Co-authored-by: Copilot <223556219+Copilot@users.noreply.github.com>
---
 docs/scenarios.md                            |  30 ++--
 manifest.yaml                                |  20 +++
 protocols/reasoning/test-compliance-audit.md | 166 +++++++++++++++++++
 taxonomies/specification-drift.md            |  87 ++++++++--
 templates/audit-test-compliance.md           | 130 +++++++++++++++
 5 files changed, 404 insertions(+), 29 deletions(-)
 create mode 100644 protocols/reasoning/test-compliance-audit.md
 create mode 100644 templates/audit-test-compliance.md

diff --git a/docs/scenarios.md b/docs/scenarios.md
index 448eb3a..34443d3 100644
--- a/docs/scenarios.md
+++ b/docs/scenarios.md
@@ -152,26 +152,28 @@ requirements (D8), code behavior not traced to any requirement (D9),
 and constraint violations in the implementation (D10), with
 implementation coverage metrics and specific code locations.
 
----
-
-## Future Scenarios (Roadmap)
-
-These scenarios describe capabilities that are planned but not yet
-implemented. See the [roadmap](roadmap.md) for details.
-
 ### "Do our tests actually test what the plan says they should?"
 
 Your validation plan specifies 58 test cases. Your test suite has
 tests. But are they the same tests? Do the assertions match the
-acceptance criteria?
+acceptance criteria? Are there test cases in the plan that have no
+automated test at all?
 
-**Planned template:** `audit-test-compliance` ·
-**Taxonomy:** `specification-drift` (D11–D13)

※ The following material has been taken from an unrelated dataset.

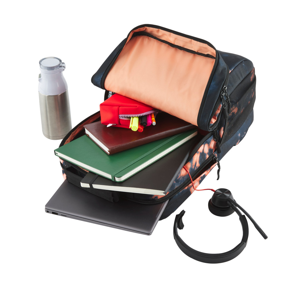 HP Campus XL Tie Dye hátizsák100% poliészter; 20 l; A 11-16 hüvelykes laptopok többségéhez használható ; Kiegészítők; 1 gyors hozzáférést biztosító zseb; 2 vizespalack-/esernyőtartó zseb; Hurok ; Kábelbújtató ;Fekete; Narancssárga Batikolt minta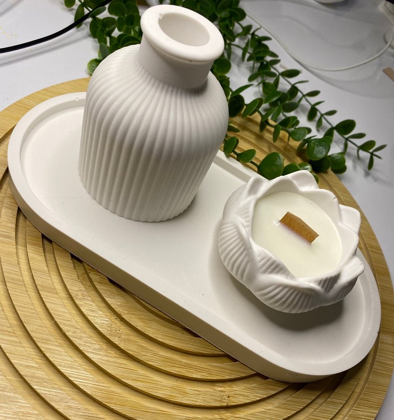Dikdörtgen tepsi üzerinde kabartmalı beyaz mumluk ve dekoratif kapta kokulu mum seti. Minimalist dekor için uygundur. ahşap fitil yanışıyla hayran bırakır

+**Template:** `audit-test-compliance` · **Persona:** `specification-analyst` ·
+**Protocol:** `test-compliance-audit` · **Taxonomy:** `specification-drift` (D11–D13)
 
-**What you'd get:** A report mapping validation plan test cases to
-actual test implementations, identifying unimplemented test cases,
-tests with wrong assertions, and coverage gaps between the plan and
-reality.
+**What you get:** An investigation report mapping validation plan test
+cases to actual test implementations, identifying unimplemented test
+cases (D11), missing acceptance criterion assertions (D12), and
+assertion mismatches where the test checks different conditions than
+the plan specifies (D13).
+
+---
+
+## Future Scenarios (Roadmap)
+
+These scenarios describe capabilities that are planned but not yet
+implemented. See the [roadmap](roadmap.md) for details.
 
 ### "Extract the invariants from this RFC"
 
diff --git a/manifest.yaml b/manifest.yaml
index a81d89c..2fc8580 100644
--- a/manifest.yaml
+++ b/manifest.yaml
@@ -160,6 +160,14 @@ protocols:
         and classifies findings using the specification-drift taxonomy
         (D8–D10).
 
+    - name: test-compliance-audit
+      path: protocols/reasoning/test-compliance-audit.md
+      description: >
+        Systematic protocol for auditing test code against a validation
+        plan and requirements document. Maps test case definitions to
+        test implementations and classifies findings using the
+        specification-drift taxonomy (D11–D13).
+
 formats:
   - name: requirements-doc
     path: formats/requirements-doc.md
@@ -340,6 +348,18 @@ templates:
       format: investigation-report
       requires: requirements-document
 
+    - name: audit-test-compliance
+      path: templates/audit-test-compliance.md
+      description: >
+        Audit test code against a validation plan and requirements
+        document. Detects unimplemented test cases, missing acceptance
+        criterion assertions, and assertion mismatches.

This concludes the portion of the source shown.